Maintaining the Edge in the Age of Everything
Ash Carter's message to the Defense One Summit: a new commitment to military, academic, business and scientific partnerships.
Today I am in Malaysia, working with our partners throughout the Asia-Pacific region to build a shared regional architecture that is strong enough, capable enough, and connected enough to ensure that all Asia-Pacific peoples and nations have the opportunity to rise, to prosper, and to determine their own destiny.
The Asia-Pacific is a region of both extraordinary opportunity and extraordinary challenges, including continuing provocation from North Korea, ongoing threats of terrorism, the growing impact of climate change, and challenges to the long-held universal principle of freedom of navigation.
It is a region which exemplifies the challenges of “the age of everything,” as threats become more transnational, more transregional, and cannot be addressed in isolation. It is an age that brings complex challenges in every part of the world, from the destabilizing and malign influence of Russian aggression in Ukraine and Syria, to the steady metastasis of the Islamic State in the Middle East, to the growing threat of cyber warfare.
Responding to these challenges requires a new set of tools and a new way of thinking. It requires those of us in the Department of Defense to think outside of our five-sided box and build on our history of innovative collaboration with the private sector community, a collaboration which in the past has benefitted not just our security, but our entire society, helping to create in its time the Internet, GPS, and in an earlier era, satellite communications and the jet engine.
As I meet with my counterparts in Kuala Lumpur, Deputy Secretary of Defense Bob Work and Army Chief of Staff Gen. Mark Milley, will be speaking at the Defense One Summit in Washington, D.C. I strongly support the messages they will deliver. And I believe that such conferences can help drill tunnels through the walls that sometimes seem to separate the government from private sector technologists, civilian leaders, and business and academic experts.
It was a cross-section of military, academic, and private sector experts who paved the way for the technology we are bringing forward to the Asia-Pacific, such as the latest Virginia-class submarines, the Navy's P-8 Poseidon surveillance aircraft, the newest stealth destroyer, the Zumwalt, and brand-new carrier-based E-2D Hawkeye early-warning-and-control aircraft. And to meet the future challenges of the Asia-Pacific and around the world, we’re investing in technologies such as new unmanned systems for the air and sea, a new long-range bomber, and new technologies like the electromagnetic railgun.
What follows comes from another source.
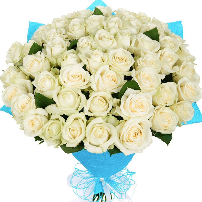 Букет состоит из 51 белая роза, синяя или голубая упаковка.
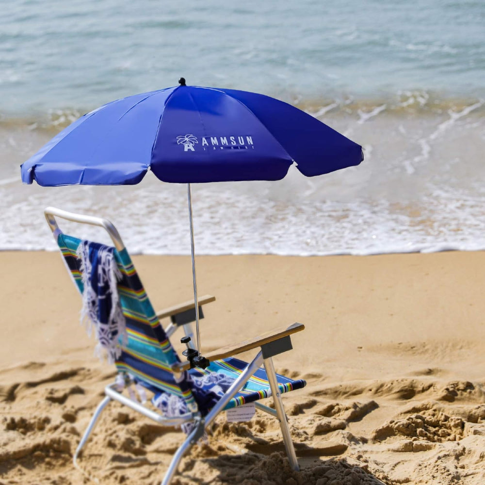 AMMSUN 43 inches Chair Umbrella with Universal Clamp and uv resistant, Blue beach umbrella for beach chair with umbrella

Achieving these breakthroughs requires us to build and rebuild the bridges between the technology community and the government to deliver the new and innovative designs I’ve made the hallmark of my commitment to the future of America’s military. When I began my career, most technology of consequence originated in the United States and much of it was sponsored by the government, especially in the Department of Defense. Today, much more of our technology is commercial and the technology base is global. And other countries have been trying to catch up to the latest breakthroughs that for the last several decades made our military more advanced than any other.
Technology once long possessed by only the most formidable militaries have now gotten into the hands of previously less-capable forces, and even non-state actors. Nations like China and Russia are also rapidly modernizing their militaries. At the same time, our reliance on satellites and the Internet has led to real vulnerabilities our adversaries are eager to exploit.
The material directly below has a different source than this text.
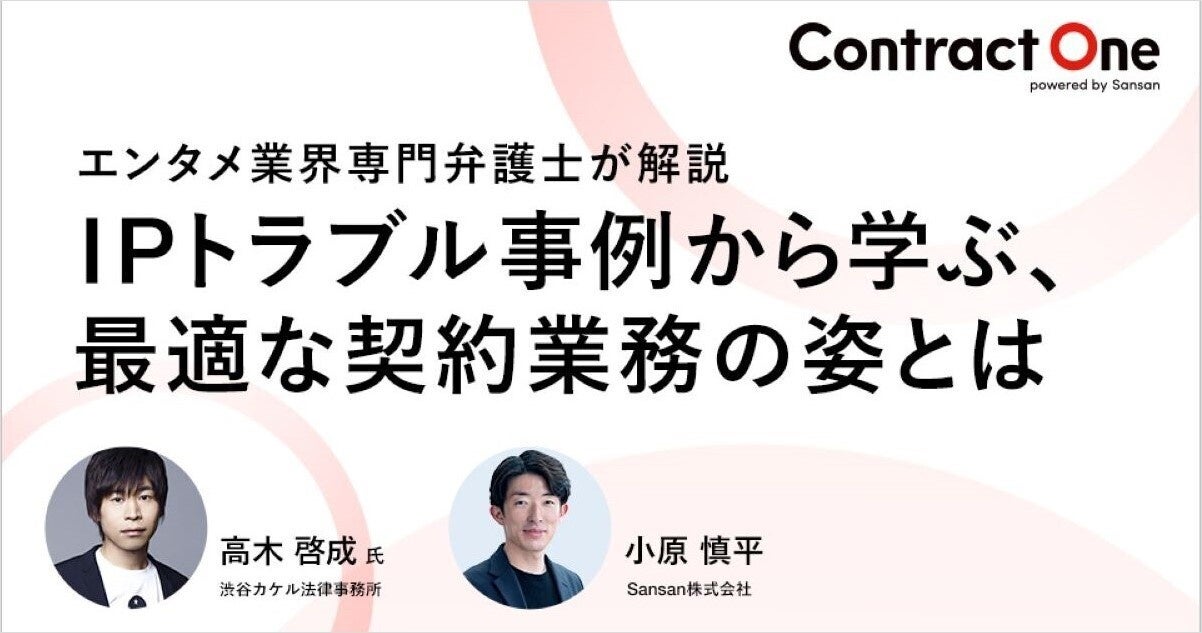 本セミナーでは、エンターテインメント業界における幅広いトラブルに対応する、渋谷カケル法律事務所の代表弁護士である高木啓成氏より、権利活用の最新トレンドや契約における注意点などを解説します。また、当社Contract One Unitの小原慎平より、契約情報のデータ化・活用の実現方法と事例をご紹介します。

So to stay ahead of those challenges and stay the best, we’re investing aggressively in innovation. We’re pushing the envelope with research into both new technologies and innovative ways to apply them. And whether it’s robotics, data science, cyber defense, biotech, or hypersonic engines that can fly over five times the speed of sound, private sector innovation and partnerships will be critical to our future.
We’re also working with the private sector to help build the force of the future to attract and compete for the best talent from a new generation. We have an all-volunteer force. So for us to keep recruiting and retaining the best, the military has to continue to be recognized for what it is: the most rewarding and honorable place a young person can work and serve.
And because attracting the best and staying the best means that wherever possible, we must open ourselves to the talents and strengths of all Americans who can contribute with excellence to our force. As I’ve said before, everyone who is able and willing to serve and can meet the standards we require should have the full opportunity to do so.
So while I’m meeting with our Asia-Pacific partners in Malaysia to strengthen the bonds between our nations, it is my hope that the meetings and discussions taking place among industry and government leaders in Washington will continue to strengthen the bonds between sectors. In the age of everything, we need all of the talents and capabilities of the business, academic, and scientific worlds to help build the force of the future, strengthen our technical capabilities, and secure a peaceful future throughout the world.